Lead Product Data Engineer
Inovia Bio
Job Title: Lead Product Data Engineer
Location: London, UK (Hybrid)
Salary: £95,000 - £105,000/year + options + private medical insurance + unlimited holiday
Company: Inovia Bio
This role is for candidates only, not recruiters.
About Us:
At Inovia Bio we believe that drug development is in dire need of disruptive thinking.
The current ecosystem supporting biopharmaceutical companies is typified by slow, archaic incumbents that extract as much value as possible from drug developers and their companies while often delivering utter garbage. We’re changing that!
From the way data is used to make early decisions through to how development plans can be accelerated and de-risked, there are significant opportunities to get drugs to patients faster. Your role will be central to our mission of revolutionising drug development.
Who are we?
Inovia Bio is a TechBio Startup based in London. We partner with innovative biopharmaceutical companies by providing both our proprietary technology platforms and expertise to deliver unprecedented impact to their programs. We are the company drug developers dream of working with and the company CROs dread.
An Atypical Role:
The Lead Product Data Engineer at Inovia operates differently – We believe that drug development can only be solved by the merging of medicine and technology…and so will you!
We are seeking a seasoned Lead Product Data Engineer with a strong product-oriented mindset, that fully embraces collaboration with medical colleagues. You will feel comfortable going into a new industry and learning is a key part of your nature.
You will take ownership of end-to-end data processes and embrace collaboration.
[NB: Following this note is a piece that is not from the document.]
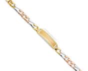 14K Tri Color Gold Stamp Figaro Link ID Bracelet – 8″

You will work closely with cross-functional teams to design, build, and maintain robust data infrastructure on the Google Cloud Platform (GCP), enabling data-driven decision-making and facilitating our mission to accelerate drug development.
Key Responsibilities:
- Collaboration: Work with data epidemiologists, product managers, and stakeholders to define requirements, iterate on solutions, and ensure alignment with business objectives.
- Design & Development: Develop, test, and deploy scalable data pipelines using Python, Flask, Apache Spark/Beam, and GCP Dataflow to meet the needs of our customers while collaborating with the medical, biostatistics and epidemiology teams.
- Data Orchestration & Automation: Utilize Airflow for workflow orchestration and Cloud Functions for seamless integration with GCP services, automating critical processes.
- Real-Time Data Processing: Implement data streaming solutions with Pub/Sub or Kafka, ensuring low-latency processing and real-time analytics capabilities.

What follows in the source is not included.